◆ Activity
Skip the pictures. Return exactly the lines from the one containing "Le particelle sono" through the end of the entries below.

============

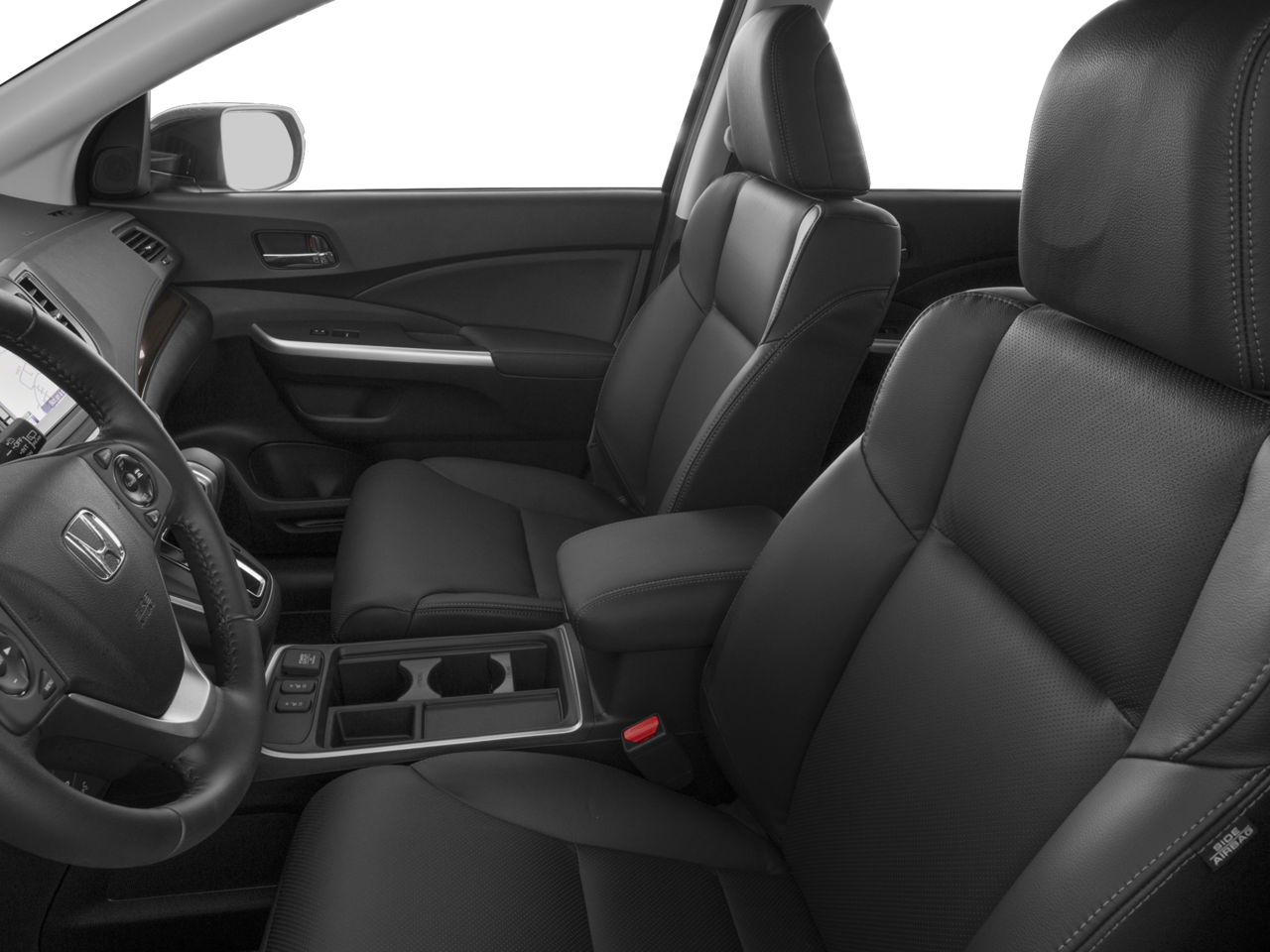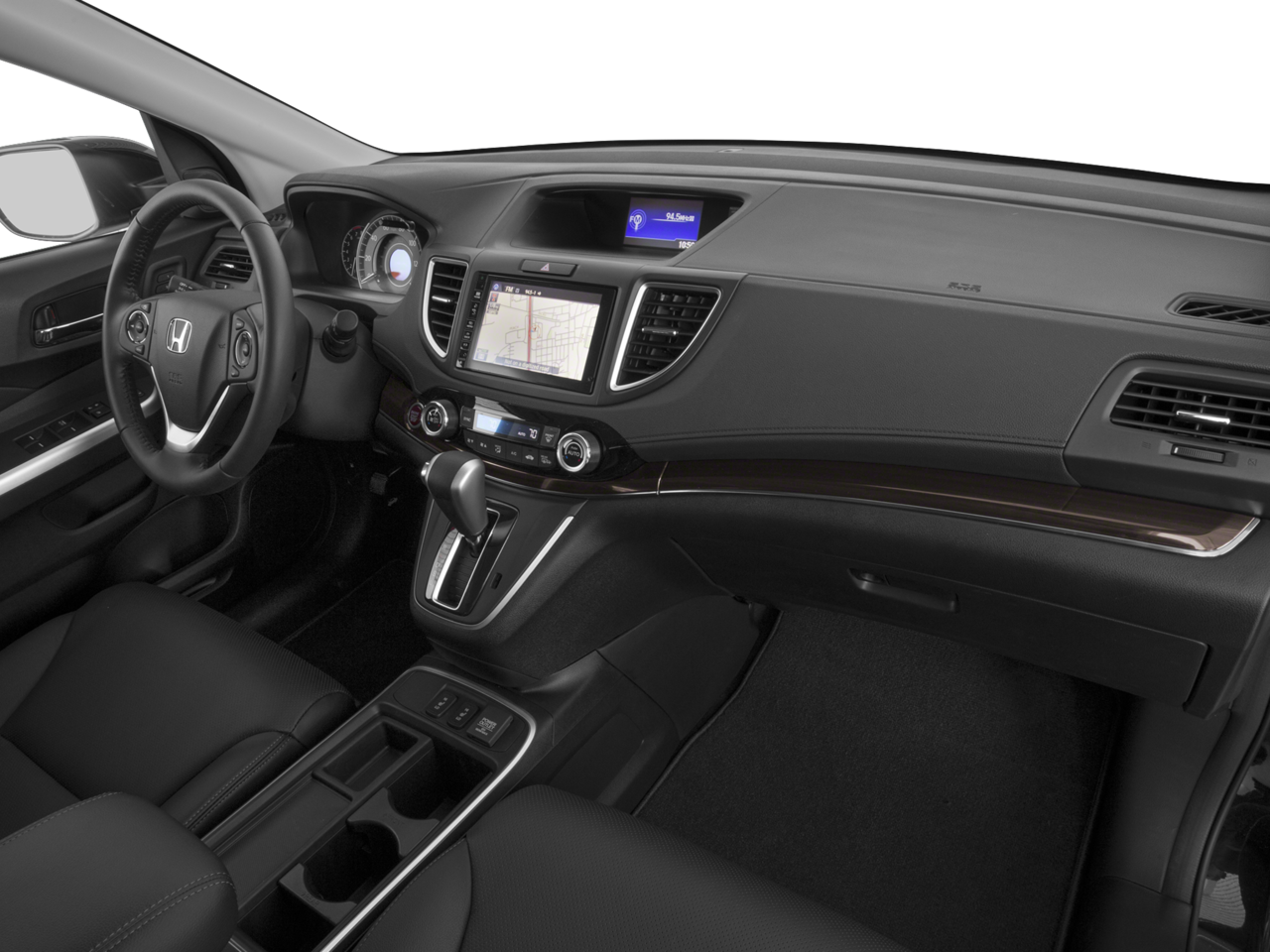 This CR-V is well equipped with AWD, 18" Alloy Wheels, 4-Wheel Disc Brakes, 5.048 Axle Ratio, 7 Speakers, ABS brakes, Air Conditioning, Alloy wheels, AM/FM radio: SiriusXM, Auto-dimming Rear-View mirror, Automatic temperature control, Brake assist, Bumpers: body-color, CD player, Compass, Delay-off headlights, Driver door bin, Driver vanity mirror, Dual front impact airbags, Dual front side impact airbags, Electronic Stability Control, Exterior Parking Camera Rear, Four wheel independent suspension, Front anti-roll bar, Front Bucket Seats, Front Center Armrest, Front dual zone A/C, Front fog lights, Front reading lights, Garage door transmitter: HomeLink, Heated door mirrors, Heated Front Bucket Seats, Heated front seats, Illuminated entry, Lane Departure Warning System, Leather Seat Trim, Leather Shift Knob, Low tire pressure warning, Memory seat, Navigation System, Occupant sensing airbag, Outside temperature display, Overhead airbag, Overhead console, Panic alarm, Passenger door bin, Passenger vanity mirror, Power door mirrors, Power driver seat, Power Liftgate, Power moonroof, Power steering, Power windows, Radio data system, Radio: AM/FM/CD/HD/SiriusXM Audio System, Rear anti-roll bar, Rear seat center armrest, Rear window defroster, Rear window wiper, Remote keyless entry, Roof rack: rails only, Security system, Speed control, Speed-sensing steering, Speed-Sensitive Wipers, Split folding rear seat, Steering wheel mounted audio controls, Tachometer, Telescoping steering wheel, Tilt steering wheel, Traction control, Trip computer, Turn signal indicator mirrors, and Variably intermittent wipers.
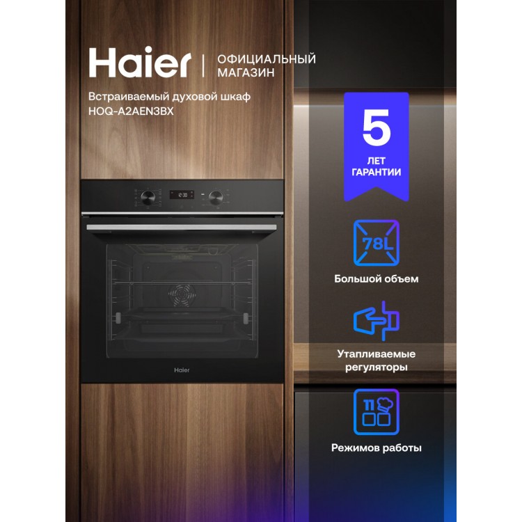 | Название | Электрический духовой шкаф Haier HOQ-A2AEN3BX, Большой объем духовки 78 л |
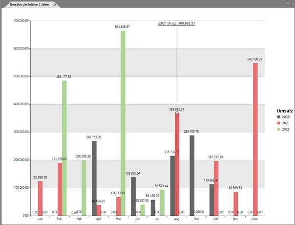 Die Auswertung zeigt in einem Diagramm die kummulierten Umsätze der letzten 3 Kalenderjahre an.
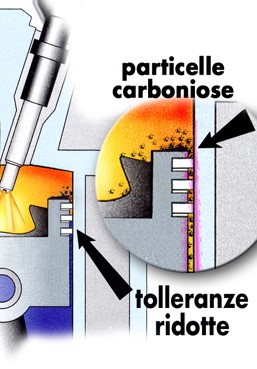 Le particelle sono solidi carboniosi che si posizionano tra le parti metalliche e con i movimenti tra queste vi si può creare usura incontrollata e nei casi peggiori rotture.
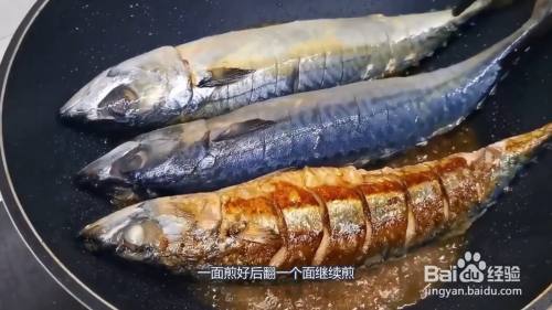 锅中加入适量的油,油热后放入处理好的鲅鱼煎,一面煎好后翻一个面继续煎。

============

◆ Worked solution
 Le particelle sono solidi carboniosi che si posizionano tra le parti metalliche e con i movimenti tra queste vi si può creare usura incontrollata e nei casi peggiori rotture.
 锅中加入适量的油,油热后放入处理好的鲅鱼煎,一面煎好后翻一个面继续煎。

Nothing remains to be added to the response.